* [What this task involves] Starting at the line with "Коллектор распределительный с" and stopping at the final line, retype the data below exactly; do not carry over any pictures.

* [Record extracts]
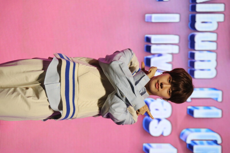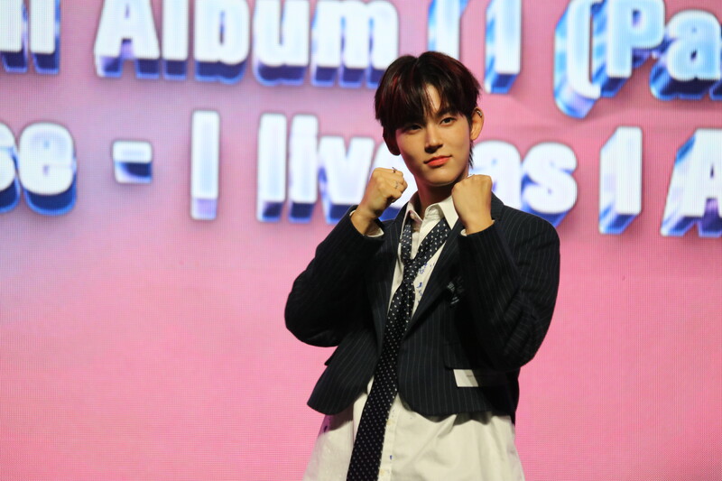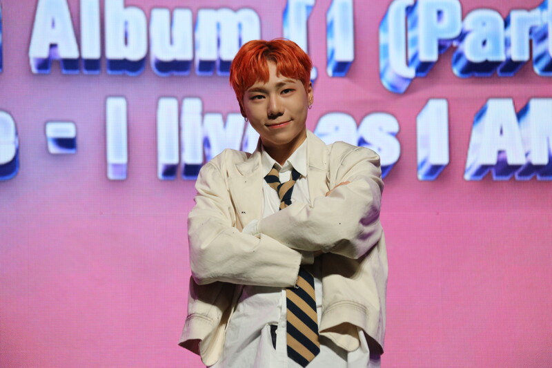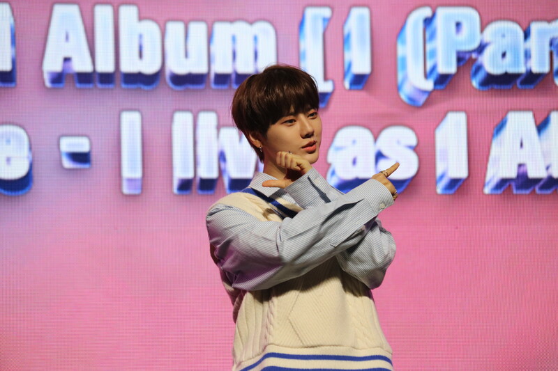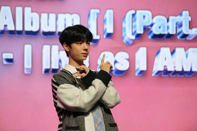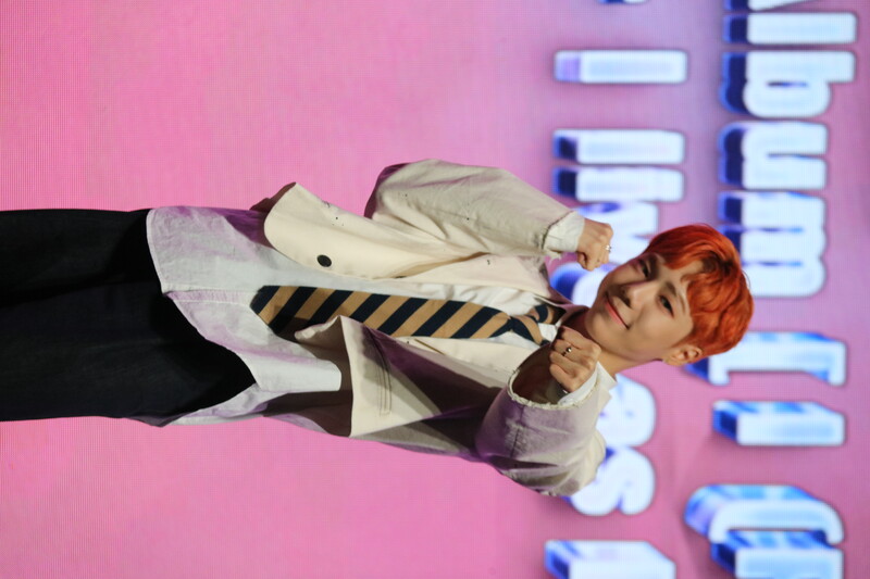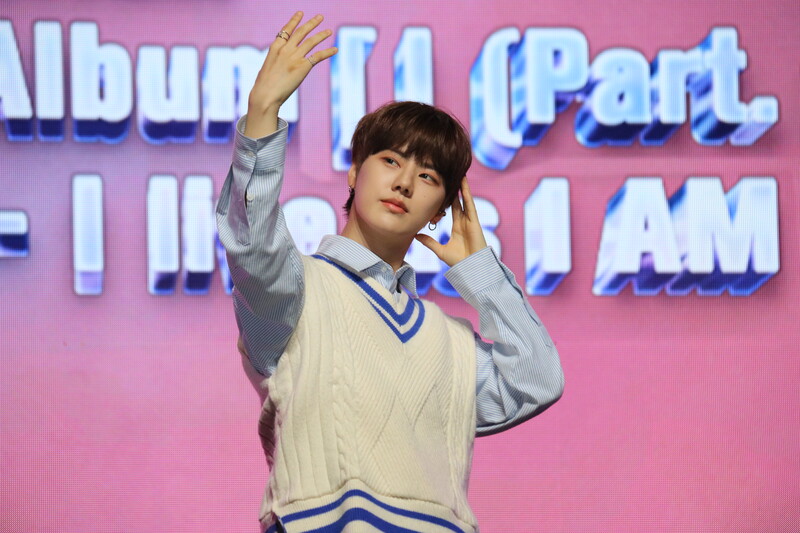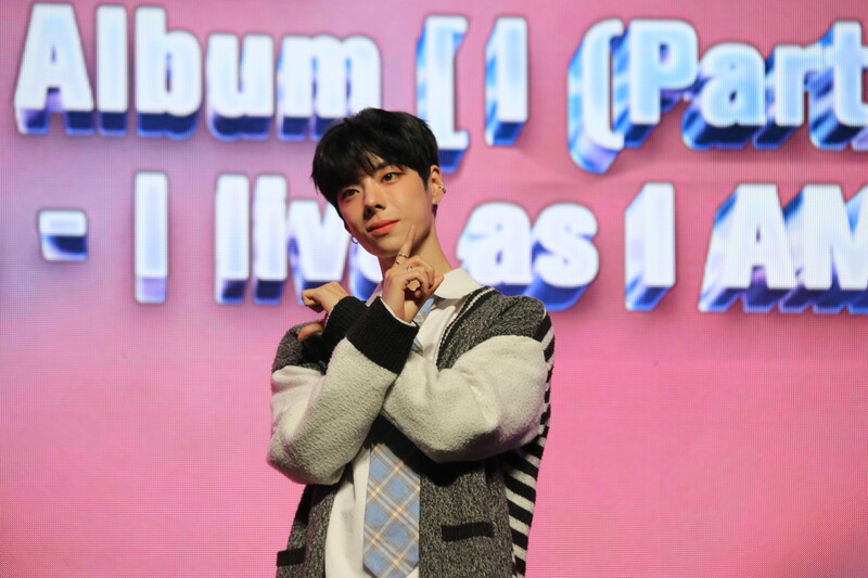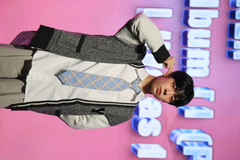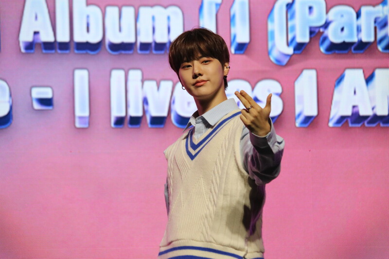 These photos show NINE.i members posing during the media showcase for their second mini album "I Part.1," which took place on Nov. 8.
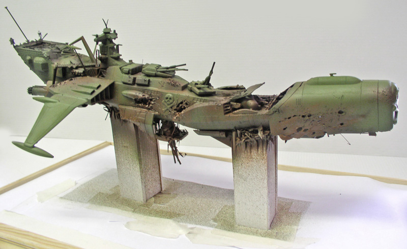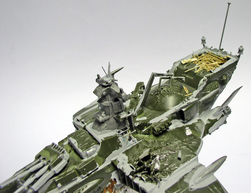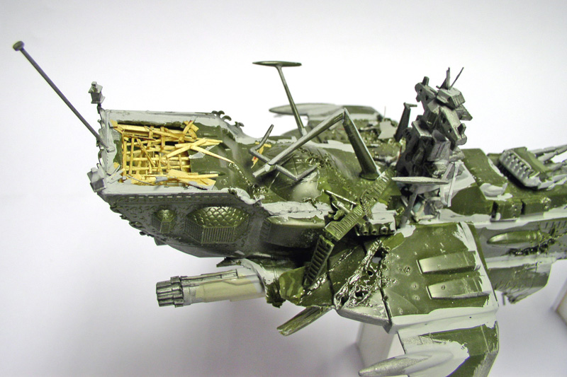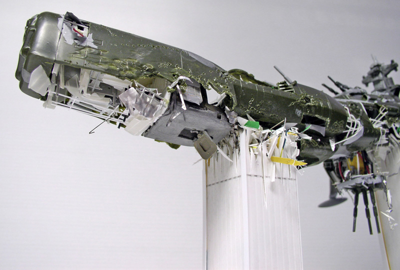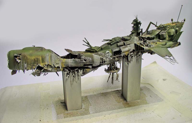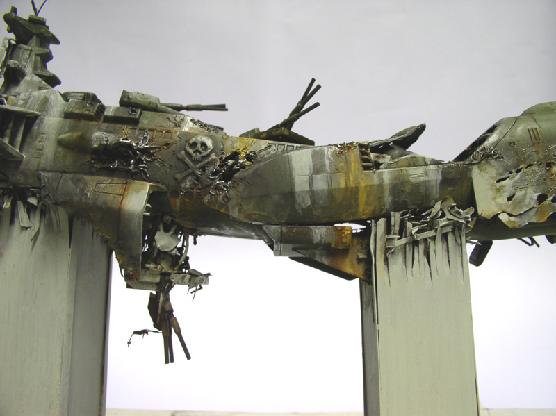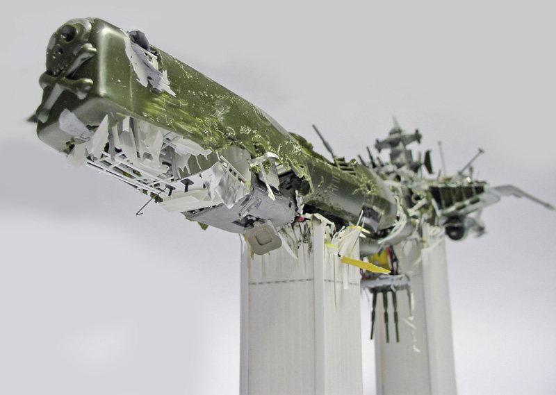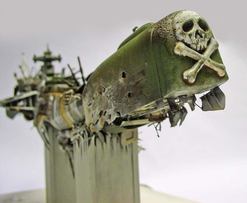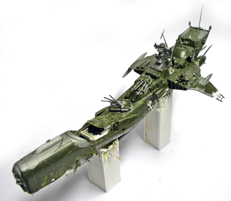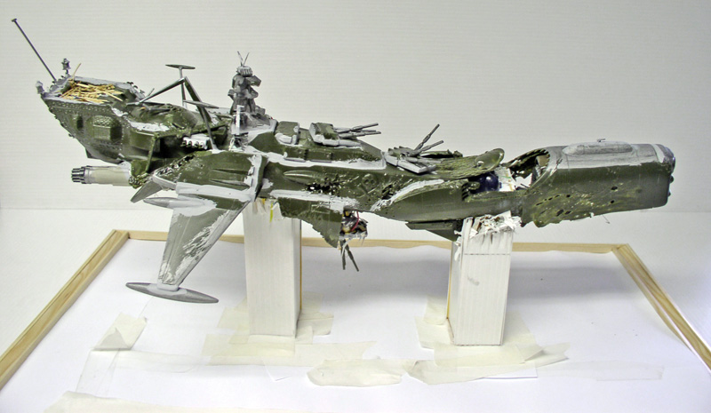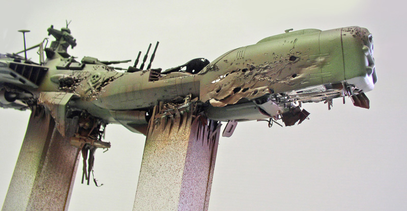 View of the positioned model... The impacts of laser fire and various explosions on the hull are made with a pyrograver (they are best seen in the photos showing the painting stages...
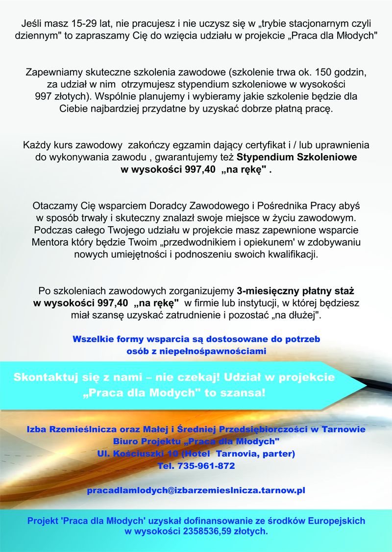 Zachęcamy do zapoznania się ze szczegółami projektu na stronie: http://izbarzemieslnicza.tarnow.pl/projekty-europejskie/praca-dla-mlodych
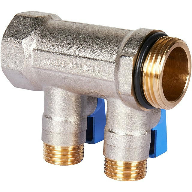 Коллектор распределительный с шаровыми кранами 1" с 2 отводами 1/2" (синие ручки), никелированный STOUT
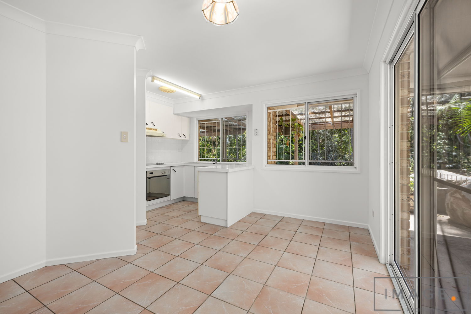 # Functional kitchen with under-bench oven, cooktop, breakfast bench and dining area
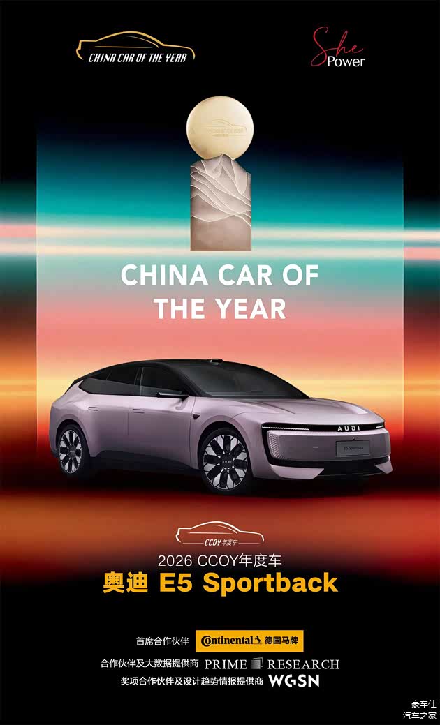 值得注意的是,奥迪 E5 Sportback也是首款在品牌发布当年即斩获CCOY年度车的新品牌车型。这一结果,不仅是对单一产品的肯定,更被业内视为新AUDI品牌战略落地的重要节点。

* [Exercise solution]
 Коллектор распределительный с шаровыми кранами 1" с 2 отводами 1/2" (синие ручки), никелированный STOUT
 # Functional kitchen with under-bench oven, cooktop, breakfast bench and dining area
 值得注意的是,奥迪 E5 Sportback也是首款在品牌发布当年即斩获CCOY年度车的新品牌车型。这一结果,不仅是对单一产品的肯定,更被业内视为新AUDI品牌战略落地的重要节点。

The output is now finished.